## About this task
Every line of the material must be copied exactly, from the first to the last.
[Start of Attachment]
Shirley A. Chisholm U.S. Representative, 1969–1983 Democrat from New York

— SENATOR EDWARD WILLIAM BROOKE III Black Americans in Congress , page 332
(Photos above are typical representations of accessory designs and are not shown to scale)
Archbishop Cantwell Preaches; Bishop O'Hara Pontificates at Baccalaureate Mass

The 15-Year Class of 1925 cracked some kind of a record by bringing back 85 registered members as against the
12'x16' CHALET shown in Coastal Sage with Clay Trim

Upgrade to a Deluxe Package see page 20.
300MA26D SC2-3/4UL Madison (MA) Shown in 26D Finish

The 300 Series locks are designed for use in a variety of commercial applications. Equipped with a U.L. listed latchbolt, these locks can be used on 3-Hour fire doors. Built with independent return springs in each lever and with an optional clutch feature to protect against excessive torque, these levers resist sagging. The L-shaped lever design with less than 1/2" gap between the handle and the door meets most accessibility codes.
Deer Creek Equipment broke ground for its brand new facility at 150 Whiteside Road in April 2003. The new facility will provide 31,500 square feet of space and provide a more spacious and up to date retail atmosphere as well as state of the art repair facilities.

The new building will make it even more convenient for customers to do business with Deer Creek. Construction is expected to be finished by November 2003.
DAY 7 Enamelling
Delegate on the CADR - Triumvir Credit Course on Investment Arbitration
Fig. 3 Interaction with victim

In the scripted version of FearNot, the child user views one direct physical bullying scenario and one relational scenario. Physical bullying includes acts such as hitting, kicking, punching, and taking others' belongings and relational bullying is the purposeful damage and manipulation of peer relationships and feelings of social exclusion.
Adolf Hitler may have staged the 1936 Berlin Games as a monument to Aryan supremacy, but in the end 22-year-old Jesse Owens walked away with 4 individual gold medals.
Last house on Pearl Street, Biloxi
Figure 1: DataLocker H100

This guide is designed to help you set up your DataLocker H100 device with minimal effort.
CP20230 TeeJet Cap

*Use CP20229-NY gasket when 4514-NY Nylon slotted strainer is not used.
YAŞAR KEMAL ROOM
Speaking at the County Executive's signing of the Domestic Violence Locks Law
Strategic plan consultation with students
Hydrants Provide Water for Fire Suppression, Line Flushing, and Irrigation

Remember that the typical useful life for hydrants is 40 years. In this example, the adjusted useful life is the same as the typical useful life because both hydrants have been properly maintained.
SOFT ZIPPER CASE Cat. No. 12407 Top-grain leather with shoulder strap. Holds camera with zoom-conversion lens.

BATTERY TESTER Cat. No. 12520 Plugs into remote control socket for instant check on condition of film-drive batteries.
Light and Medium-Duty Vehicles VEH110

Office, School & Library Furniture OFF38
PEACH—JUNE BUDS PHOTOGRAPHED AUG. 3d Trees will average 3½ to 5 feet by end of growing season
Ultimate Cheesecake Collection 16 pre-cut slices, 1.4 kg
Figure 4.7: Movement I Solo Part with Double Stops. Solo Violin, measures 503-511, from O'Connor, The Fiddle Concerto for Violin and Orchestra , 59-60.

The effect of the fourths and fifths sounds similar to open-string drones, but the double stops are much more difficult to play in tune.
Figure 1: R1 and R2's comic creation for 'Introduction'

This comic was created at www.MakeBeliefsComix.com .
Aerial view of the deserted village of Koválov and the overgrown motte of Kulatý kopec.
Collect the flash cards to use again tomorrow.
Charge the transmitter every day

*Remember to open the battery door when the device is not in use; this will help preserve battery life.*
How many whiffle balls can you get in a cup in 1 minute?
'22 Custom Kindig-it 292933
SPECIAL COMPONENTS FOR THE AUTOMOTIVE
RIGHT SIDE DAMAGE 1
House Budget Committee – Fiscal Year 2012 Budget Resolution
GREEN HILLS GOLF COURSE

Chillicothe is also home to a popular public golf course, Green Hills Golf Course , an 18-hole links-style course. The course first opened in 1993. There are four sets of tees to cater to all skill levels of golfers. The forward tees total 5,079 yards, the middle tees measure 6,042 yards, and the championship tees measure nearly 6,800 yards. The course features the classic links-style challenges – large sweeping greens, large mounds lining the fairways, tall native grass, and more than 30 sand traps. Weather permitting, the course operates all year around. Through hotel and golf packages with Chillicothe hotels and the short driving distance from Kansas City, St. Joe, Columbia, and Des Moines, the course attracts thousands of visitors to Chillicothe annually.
[End of Attachment]
## Exercise output
Shirley A. Chisholm U.S. Representative, 1969–1983 Democrat from New York

— SENATOR EDWARD WILLIAM BROOKE III Black Americans in Congress , page 332
(Photos above are typical representations of accessory designs and are not shown to scale)
Archbishop Cantwell Preaches; Bishop O'Hara Pontificates at Baccalaureate Mass

The 15-Year Class of 1925 cracked some kind of a record by bringing back 85 registered members as against the
12'x16' CHALET shown in Coastal Sage with Clay Trim

Upgrade to a Deluxe Package see page 20.
300MA26D SC2-3/4UL Madison (MA) Shown in 26D Finish

The 300 Series locks are designed for use in a variety of commercial applications. Equipped with a U.L. listed latchbolt, these locks can be used on 3-Hour fire doors. Built with independent return springs in each lever and with an optional clutch feature to protect against excessive torque, these levers resist sagging. The L-shaped lever design with less than 1/2" gap between the handle and the door meets most accessibility codes.
Deer Creek Equipment broke ground for its brand new facility at 150 Whiteside Road in April 2003. The new facility will provide 31,500 square feet of space and provide a more spacious and up to date retail atmosphere as well as state of the art repair facilities.

The new building will make it even more convenient for customers to do business with Deer Creek. Construction is expected to be finished by November 2003.
DAY 7 Enamelling
Delegate on the CADR - Triumvir Credit Course on Investment Arbitration
Fig. 3 Interaction with victim

In the scripted version of FearNot, the child user views one direct physical bullying scenario and one relational scenario. Physical bullying includes acts such as hitting, kicking, punching, and taking others' belongings and relational bullying is the purposeful damage and manipulation of peer relationships and feelings of social exclusion.
Adolf Hitler may have staged the 1936 Berlin Games as a monument to Aryan supremacy, but in the end 22-year-old Jesse Owens walked away with 4 individual gold medals.
Last house on Pearl Street, Biloxi
Figure 1: DataLocker H100

This guide is designed to help you set up your DataLocker H100 device with minimal effort.
CP20230 TeeJet Cap

*Use CP20229-NY gasket when 4514-NY Nylon slotted strainer is not used.
YAŞAR KEMAL ROOM
Speaking at the County Executive's signing of the Domestic Violence Locks Law
Strategic plan consultation with students
Hydrants Provide Water for Fire Suppression, Line Flushing, and Irrigation

Remember that the typical useful life for hydrants is 40 years. In this example, the adjusted useful life is the same as the typical useful life because both hydrants have been properly maintained.
SOFT ZIPPER CASE Cat. No. 12407 Top-grain leather with shoulder strap. Holds camera with zoom-conversion lens.

BATTERY TESTER Cat. No. 12520 Plugs into remote control socket for instant check on condition of film-drive batteries.
Light and Medium-Duty Vehicles VEH110

Office, School & Library Furniture OFF38
PEACH—JUNE BUDS PHOTOGRAPHED AUG. 3d Trees will average 3½ to 5 feet by end of growing season
Ultimate Cheesecake Collection 16 pre-cut slices, 1.4 kg
Figure 4.7: Movement I Solo Part with Double Stops. Solo Violin, measures 503-511, from O'Connor, The Fiddle Concerto for Violin and Orchestra , 59-60.

The effect of the fourths and fifths sounds similar to open-string drones, but the double stops are much more difficult to play in tune.
Figure 1: R1 and R2's comic creation for 'Introduction'

This comic was created at www.MakeBeliefsComix.com .
Aerial view of the deserted village of Koválov and the overgrown motte of Kulatý kopec.
Collect the flash cards to use again tomorrow.
Charge the transmitter every day

*Remember to open the battery door when the device is not in use; this will help preserve battery life.*
How many whiffle balls can you get in a cup in 1 minute?
'22 Custom Kindig-it 292933
SPECIAL COMPONENTS FOR THE AUTOMOTIVE
RIGHT SIDE DAMAGE 1
House Budget Committee – Fiscal Year 2012 Budget Resolution
GREEN HILLS GOLF COURSE

Chillicothe is also home to a popular public golf course, Green Hills Golf Course , an 18-hole links-style course. The course first opened in 1993. There are four sets of tees to cater to all skill levels of golfers. The forward tees total 5,079 yards, the middle tees measure 6,042 yards, and the championship tees measure nearly 6,800 yards. The course features the classic links-style challenges – large sweeping greens, large mounds lining the fairways, tall native grass, and more than 30 sand traps. Weather permitting, the course operates all year around. Through hotel and golf packages with Chillicothe hotels and the short driving distance from Kansas City, St. Joe, Columbia, and Des Moines, the course attracts thousands of visitors to Chillicothe annually.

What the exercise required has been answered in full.